TO DO:
Word for word and without images, reproduce the listing that follows.

___ SOURCE MATERIAL ___

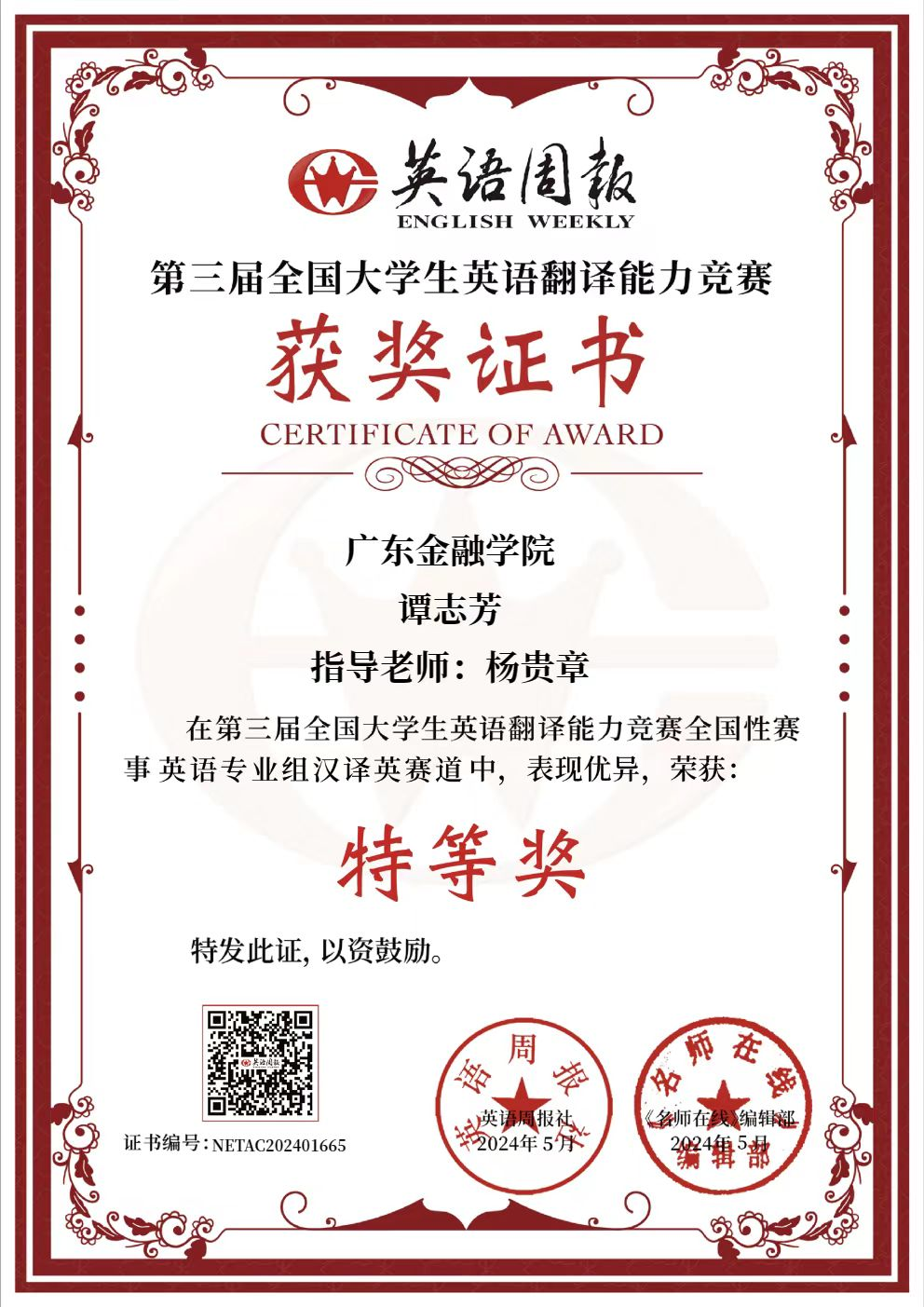 杨贵章老师对谭志芳同学获奖表示了肯定和祝贺,谭志芳同学在全国翻译竞赛获奖是其勤奋学习的结果,也是太阳成集团tyc33455全体教师挥洒汗水的结晶。
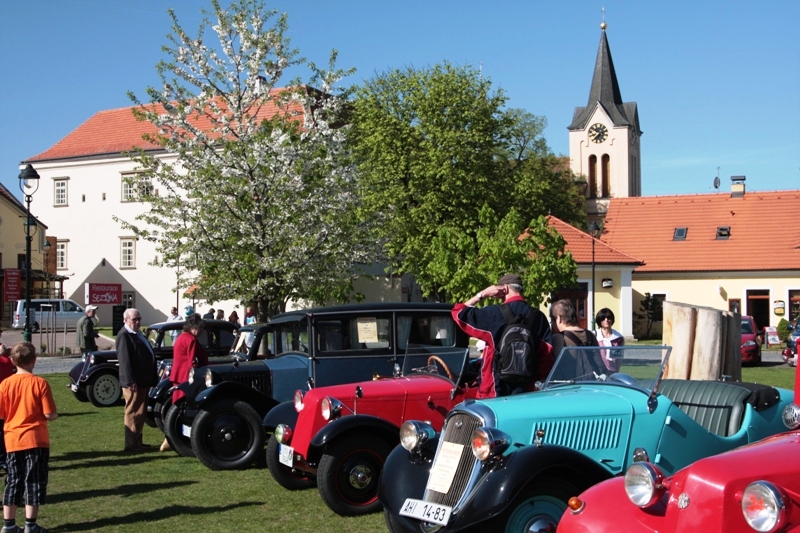 Nejstarší vůz byl Dodge Tourer z roku 1924. Obohacením celé akce byla i výstava vozů Aero, zaměřená k výročí 80 let jízdy Bohumila Turka na trase Praha - Brno, kdy za 30 dní ujel úctyhodných 30.000 km. Všechna vozidla si diváci mohli do detailu prohlédnout a odborný komentář moderátorů akce prozradil mnohé zajímavosti. Ale hlavně, po dlouhém přemlouvání přijal pozvání organizátorů také náš čestný host pan Nicolas Cheval z francouzského Saint Emilionu. Možná jste si ho na nádvoří Chvalské tvrze ani nevšimli, nenápadný starý pán v džínách a kostkované košili, spíše plachý než nějaký světák, ale pro ty, kteří vědí víc, to byl zlatý hřeb celé akce. A že jste si ho tam nevšimli? No vždyť to říkám, nenápadný.
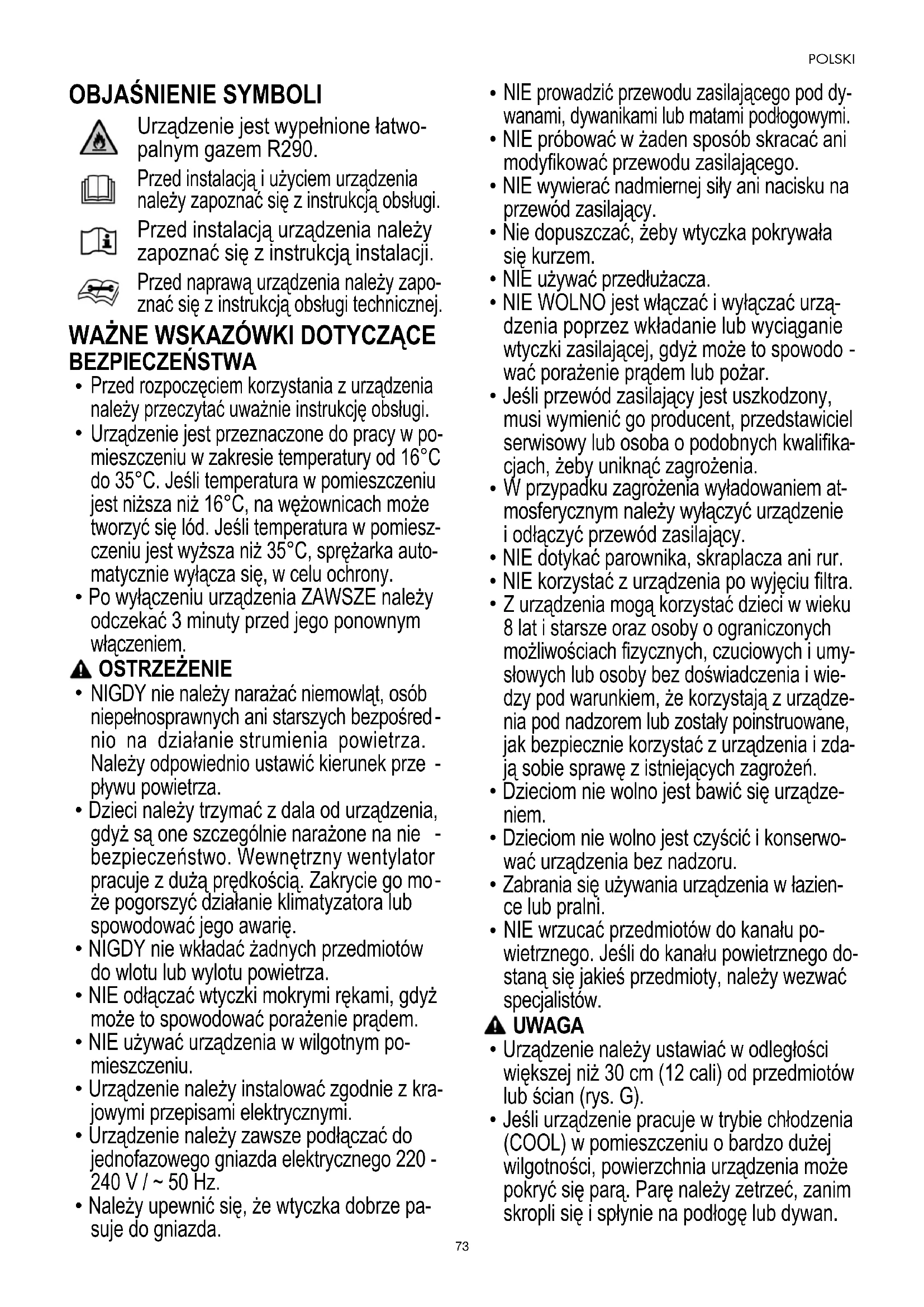 - Jeśli urządzenie pracuje w trybie chłodzenia (COOL) w pomieszczeniu o bardzo dużej wilgotności, powierzchnia urządzenia może pokryć się parą. Parę należy zetrzeć, zanim skropli się i spłynie na podłogę lub dywan.74
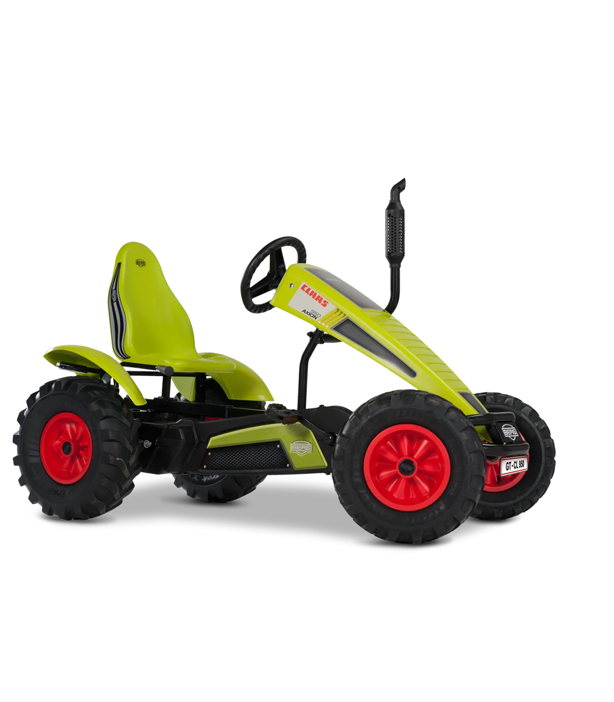 Diviértete jugando al aire libre o incluso ayudando a tus padres en el jardín. ¡Con el BERG Claas BFR-3 podrás superar cualquier reto! Y gracias a los divertidos accesorios que se pueden pedir por separado, tu kart será aún más divertido. Por ejemplo, un pequeño remolque, un asiento para tu hermano o hermana o una barra antivuelco con luz intermitente. Gracias a los colores, las pegatinas y el escape, este kart Claas es indistinguible de uno real. Y las 3 marchas facilitan el pedaleo. ¡Diviértete jugando!
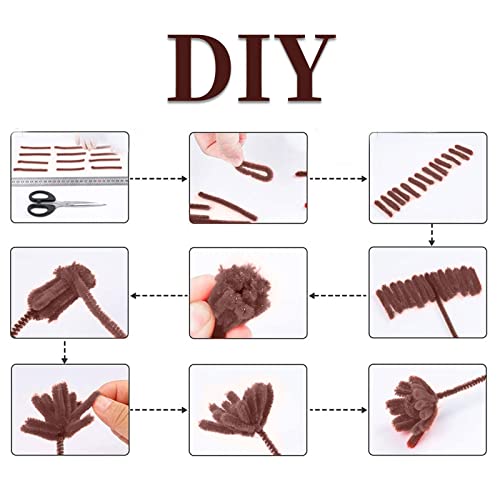 Set Scovolini, Creativi Bambini Set Bricolage, Forniture di Materiale Fai-Da-Te, Kit per Lavoretti per Bambini, Scovolino Marrone per L'artigianato, Scovolino e Pompon
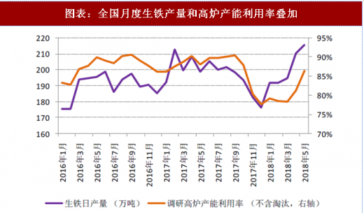 在国内,钢铁供应量 90%是通过长流程(高炉-转炉)而来,但是在取暖季之后,高炉里面也普遍加废钢,因此生铁的产量除了受高炉产能利用率影响以外,还受加废钢量的影响(会受到钢铁业的盈利以及生铁和废钢的价差影响)。全国日均产量 5 月份环比增加 2.57%至 216 万吨,但是 mysteel 调研的全国高炉产能利用率环比却增加 6.40%至 86.40%,也就是说,国家统计局的生铁产量数据是小于通过微观调研(mysteel 的高炉产能利用率)而预测出来的数据约 4 个百分点,这对钢产量而言,并不算小。
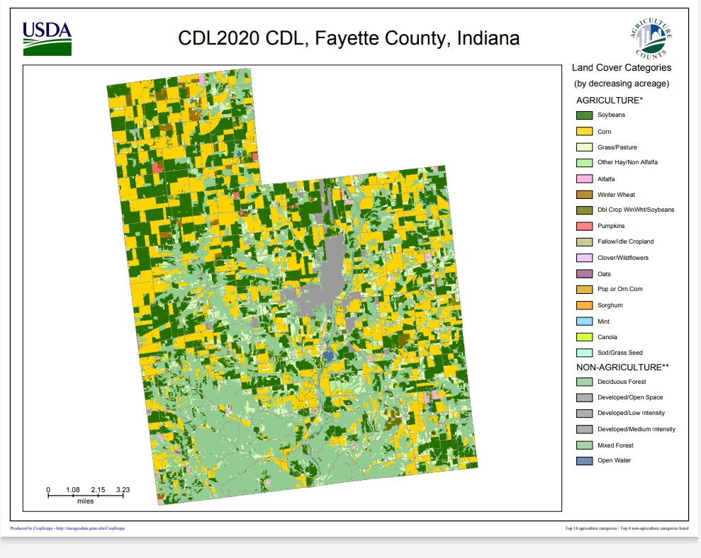 Unlike counties to the north that are dominated by corn and soybeans or counties to the south that are predominantly wooded, Fayette County is 51% percent corn and soybeans. Connersville, the county seat, makes up a vast majority of the 7% of developed land. Wheat, alfalfa, and specialty crops make up approximately 3%. Only 157.4 acres of wetland remain in all 215 square miles. The remainder is made up of forest and pasture (see fig.2) (USDA NASS).
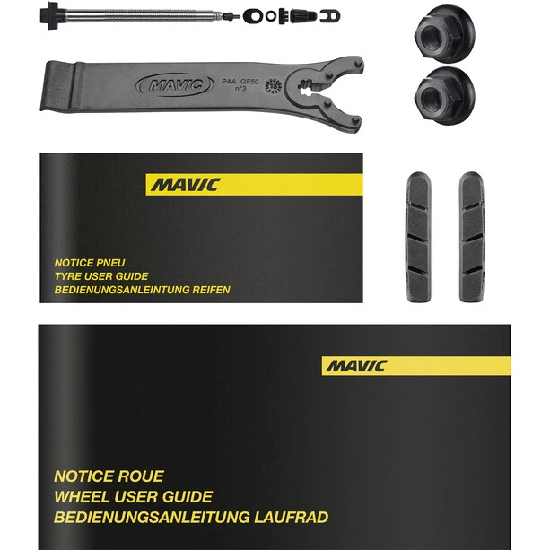 Profil de jante NACA tout carbone de 64 mm de profondeur. Largeur de 26 mm, optimisée pour les pneus de 25 mm pour une faible traînée et une grande stabilité par vent de travers. 20 rayons plats à traction directe, à triple entrelacement, pour une rigidité latérale élevée.
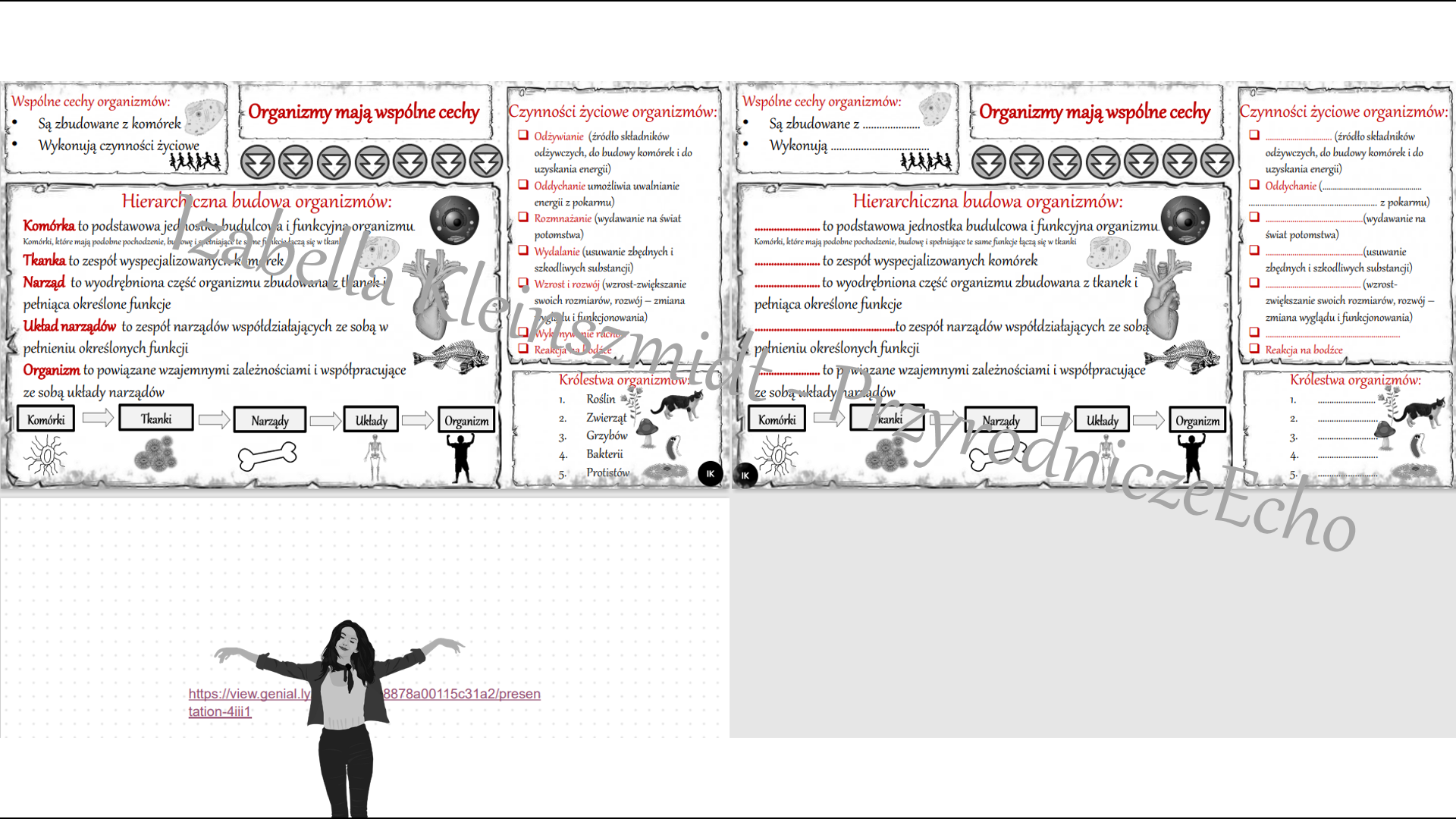 Zapraszam do zakupu mini zestawu „Organizmy mają wspólne cechy” , a w nim wszystko, czego potrzeba do przeprowadzenia zajęć lekcyjnych – sketchnotka i karta pracy oraz gratisowy (darmowy) link do prezentacji multimedialnej, która służy do celów niekomercyjnych. Pomoce dydaktyczne komercyjne (sketchnotka i karta pracy) wykonane zostały w power point, ale pobieracie Państwo w pdf. Prezentacja służy do celów niekomercyjnych i wykonana jest w genial.ly. Jeśli chcecie Państwo z niej korzystać należy założyć konto na genial.ly i po kliknięciu w link ponownie kliknąć w „Reuse this genial.ly” – prezentacja będzie już na Państwa koncie i można ją używać do celów niekomercyjnych. W prezentacji umieszczone są też czasami linki do filmów edukacyjnych. Zapraszam do zakupu i miłego korzystania. Grafika komercyjnych  pomocy (jak takowa jest) – samodzielna lub pochodzi z pixabay.com i freepik.com.
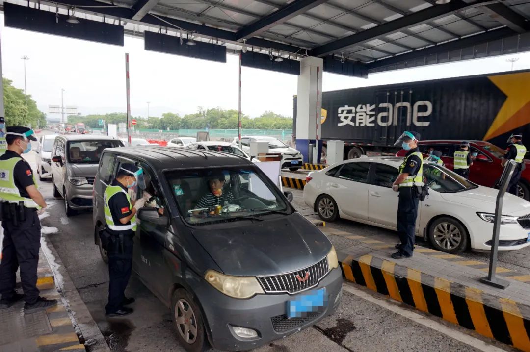 在粤北省际公安检查站,警务人员在入粤的通道上核查登记车辆。
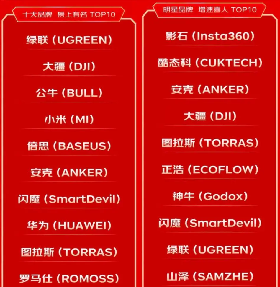 与此同时,在品牌层面,京东心动购物季期间助力合作伙伴实现新增长。其中,绿联、大疆、公牛凭借亮眼战绩位列品牌榜前三甲;影石、酷态科、安克等十大明星品牌增速表现亮眼;TELESIN、Smorss、飞智等新兴品牌则迎来爆发式增长,未来可期。
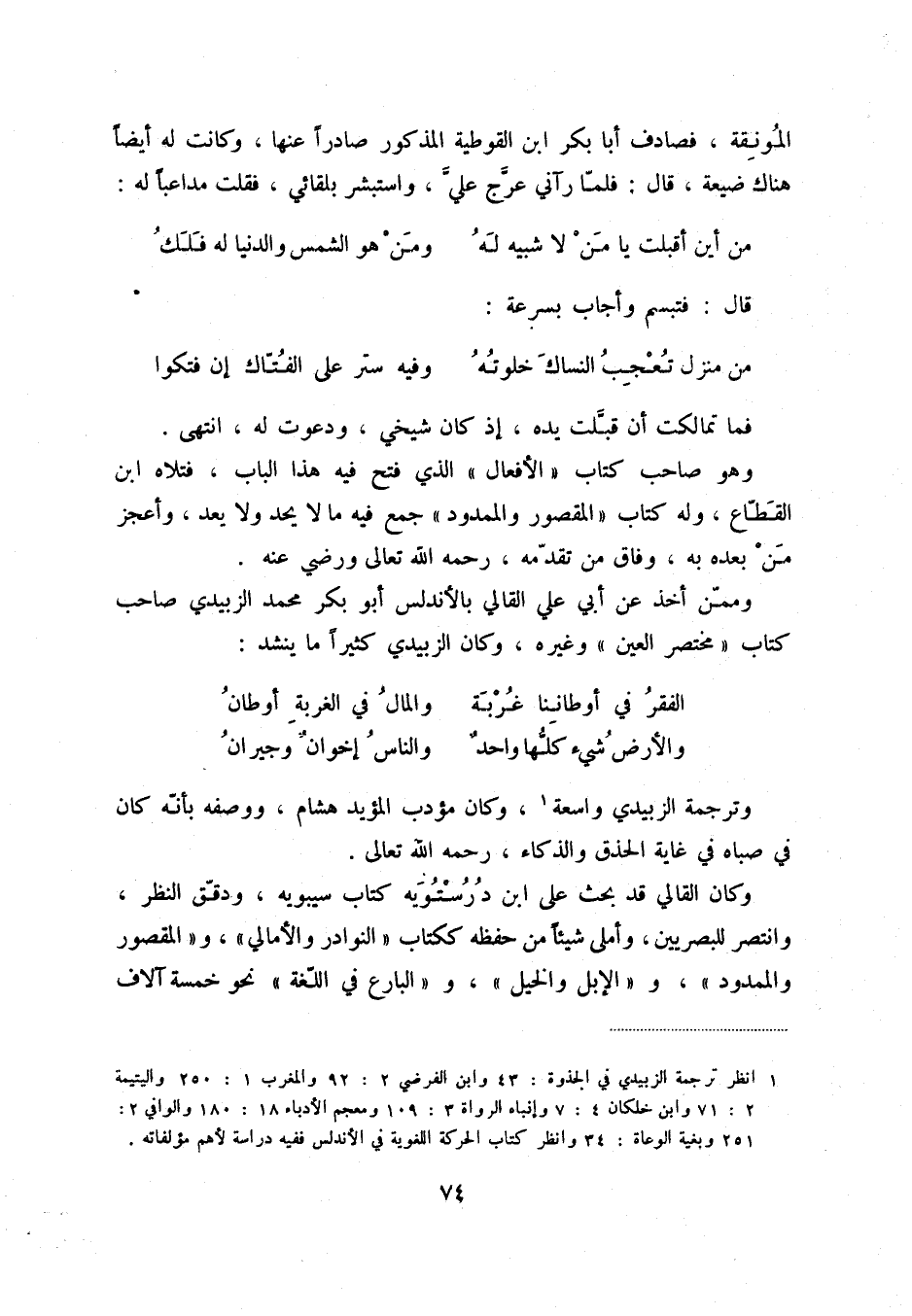(1) انظر ترجمة الزبيدي في الجذوة: 43 وابن الفرضي 2: 92 والمغرب 1: 250 واليتيمة 2: 71 وابن خلكان 4: 7 وإنباه الرواة 3: 109 ومعجم الأدباء 18: 180 والوافي 2: 251 وبغية الوعاة: 34 وانظر كتاب الحركة اللغوية في الأندلس ففيه دراسة لأهم مؤلفاته.
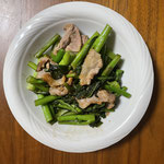 材料 牛肉 100g 小松菜 50g(1/2束)白ネギ 1本 オリーブ油 15ml 砂糖(三温糖)醬油・

___

SOLUTION TO THIS PROBLEM:
 杨贵章老师对谭志芳同学获奖表示了肯定和祝贺,谭志芳同学在全国翻译竞赛获奖是其勤奋学习的结果,也是太阳成集团tyc33455全体教师挥洒汗水的结晶。
 Nejstarší vůz byl Dodge Tourer z roku 1924. Obohacením celé akce byla i výstava vozů Aero, zaměřená k výročí 80 let jízdy Bohumila Turka na trase Praha - Brno, kdy za 30 dní ujel úctyhodných 30.000 km. Všechna vozidla si diváci mohli do detailu prohlédnout a odborný komentář moderátorů akce prozradil mnohé zajímavosti. Ale hlavně, po dlouhém přemlouvání přijal pozvání organizátorů také náš čestný host pan Nicolas Cheval z francouzského Saint Emilionu. Možná jste si ho na nádvoří Chvalské tvrze ani nevšimli, nenápadný starý pán v džínách a kostkované košili, spíše plachý než nějaký světák, ale pro ty, kteří vědí víc, to byl zlatý hřeb celé akce. A že jste si ho tam nevšimli? No vždyť to říkám, nenápadný.
 - Jeśli urządzenie pracuje w trybie chłodzenia (COOL) w pomieszczeniu o bardzo dużej wilgotności, powierzchnia urządzenia może pokryć się parą. Parę należy zetrzeć, zanim skropli się i spłynie na podłogę lub dywan.74
 Diviértete jugando al aire libre o incluso ayudando a tus padres en el jardín. ¡Con el BERG Claas BFR-3 podrás superar cualquier reto! Y gracias a los divertidos accesorios que se pueden pedir por separado, tu kart será aún más divertido. Por ejemplo, un pequeño remolque, un asiento para tu hermano o hermana o una barra antivuelco con luz intermitente. Gracias a los colores, las pegatinas y el escape, este kart Claas es indistinguible de uno real. Y las 3 marchas facilitan el pedaleo. ¡Diviértete jugando!
 Set Scovolini, Creativi Bambini Set Bricolage, Forniture di Materiale Fai-Da-Te, Kit per Lavoretti per Bambini, Scovolino Marrone per L'artigianato, Scovolino e Pompon
 在国内,钢铁供应量 90%是通过长流程(高炉-转炉)而来,但是在取暖季之后,高炉里面也普遍加废钢,因此生铁的产量除了受高炉产能利用率影响以外,还受加废钢量的影响(会受到钢铁业的盈利以及生铁和废钢的价差影响)。全国日均产量 5 月份环比增加 2.57%至 216 万吨,但是 mysteel 调研的全国高炉产能利用率环比却增加 6.40%至 86.40%,也就是说,国家统计局的生铁产量数据是小于通过微观调研(mysteel 的高炉产能利用率)而预测出来的数据约 4 个百分点,这对钢产量而言,并不算小。
 Unlike counties to the north that are dominated by corn and soybeans or counties to the south that are predominantly wooded, Fayette County is 51% percent corn and soybeans. Connersville, the county seat, makes up a vast majority of the 7% of developed land. Wheat, alfalfa, and specialty crops make up approximately 3%. Only 157.4 acres of wetland remain in all 215 square miles. The remainder is made up of forest and pasture (see fig.2) (USDA NASS).
 Profil de jante NACA tout carbone de 64 mm de profondeur. Largeur de 26 mm, optimisée pour les pneus de 25 mm pour une faible traînée et une grande stabilité par vent de travers. 20 rayons plats à traction directe, à triple entrelacement, pour une rigidité latérale élevée.
 Zapraszam do zakupu mini zestawu „Organizmy mają wspólne cechy” , a w nim wszystko, czego potrzeba do przeprowadzenia zajęć lekcyjnych – sketchnotka i karta pracy oraz gratisowy (darmowy) link do prezentacji multimedialnej, która służy do celów niekomercyjnych. Pomoce dydaktyczne komercyjne (sketchnotka i karta pracy) wykonane zostały w power point, ale pobieracie Państwo w pdf. Prezentacja służy do celów niekomercyjnych i wykonana jest w genial.ly. Jeśli chcecie Państwo z niej korzystać należy założyć konto na genial.ly i po kliknięciu w link ponownie kliknąć w „Reuse this genial.ly” – prezentacja będzie już na Państwa koncie i można ją używać do celów niekomercyjnych. W prezentacji umieszczone są też czasami linki do filmów edukacyjnych. Zapraszam do zakupu i miłego korzystania. Grafika komercyjnych  pomocy (jak takowa jest) – samodzielna lub pochodzi z pixabay.com i freepik.com.
 在粤北省际公安检查站,警务人员在入粤的通道上核查登记车辆。
 与此同时,在品牌层面,京东心动购物季期间助力合作伙伴实现新增长。其中,绿联、大疆、公牛凭借亮眼战绩位列品牌榜前三甲;影石、酷态科、安克等十大明星品牌增速表现亮眼;TELESIN、Smorss、飞智等新兴品牌则迎来爆发式增长,未来可期。
(1) انظر ترجمة الزبيدي في الجذوة: 43 وابن الفرضي 2: 92 والمغرب 1: 250 واليتيمة 2: 71 وابن خلكان 4: 7 وإنباه الرواة 3: 109 ومعجم الأدباء 18: 180 والوافي 2: 251 وبغية الوعاة: 34 وانظر كتاب الحركة اللغوية في الأندلس ففيه دراسة لأهم مؤلفاته.
 材料 牛肉 100g 小松菜 50g(1/2束)白ネギ 1本 オリーブ油 15ml 砂糖(三温糖)醬油・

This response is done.